With this in mind I noticed after your initial comment , that as.integer should only work on a QualityString, but not on a QualityStringSet. The first class name is of course taken, potentially for historic reasons, and in the context of all the other classes in Biostrings QualityString should be named QualityStringSet.

This is what I meant with inconsistency. Maybe I am wrong, but the implementation of as.integer is misleading, since it should not be implemented in the first place for a list. as.integer(list(c("1","2"))) does not work, but is basically the equivalent of as.integer(PhredQuality("!!!!")).

I am not sure why the "correct" QualityString class derived from BString was never implemented and the name was recycled for a class which should actually be named QualityStringSet. There is probably a good reason, but I currently don't see it, which leaves the inconsistency with the special treatment for length = 1.

Best, Felix

hpages commented 5 years ago

These are good points.

Note that there are no QualityString or QualityStringSet classes, only an XStringQuality class which extends BStringSet. Yes the name of the XStringQuality class is misleading. It should probably have been QualityStringSet or QStringSet. And yes the original developer of this class should probably have implemented the QString class first and build on top of that. But that's not what he did and we have to live with his early choices. That includes living with the fact that as.integer() works on an XStringQuality object of length 1 (when it should have worked on QString objects only and for QStringSet objects the user would have had to always use coercion to IntegerList, even when the object has length 1).

There are other inconsistencies/incongruities with these classes but that doesn't mean we should add more by allowing as.integer() to work on XStringQuality objects of arbitrary length.
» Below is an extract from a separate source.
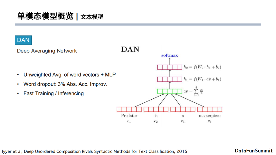 相似地,DAN使用平权的词粒度子向量直接进行简单平均,之后接入两个MLP后根据输出向量执行分类任务。它的最终效果也很不错,之后它还加入了词级别的dropout操作,进行进一步的效果提升。

Rather than trying to fix the XStringQuality classes and subclasses I think that at some point we should rather start fresh by implementing the QString and QStringSet classes, and their subclasses PhredQString/PhredQStringSet, SolexaQString/SolexaQStringSet, and IlluminaQString/IlluminaQStringSet.

Unfortunately I don't have much time to dedicate to the Biostrings package these days. Note that the package actually needs a major overhaul and the addition of long wanted features especially in the pairwiseAlignment() department but not only (other long wanted features are restriction of the letters used in an AAString object, implementation of vmatchPDict(), and more...). I already talked with Eric Wright about this (Eric is the maintainer of the DECIPHER package which relies heavily on Biostrings). The good news is that Eric is willing to provide some resources to help this happen but I still need to make a detailed list (possibly with roadmap) of what needs to happen. I'll try to put something on Biostrings' built-in GitHub Wiki soon.

H.

FelixErnst commented 5 years ago

I submitted a package which relies heavily on the Biostrings package and there will probably another contribution in a month or so, which will intersect closely with the Biostring package.

https://github.com/Bioconductor/Contributions/issues/962

So, if I can be of help during the overhaul please let me know.

Edit: the issue probably can be closed

hpages commented 5 years ago

Thx for your contribution (I'll take a look at it) and for offering to help with the overhaul. -- H.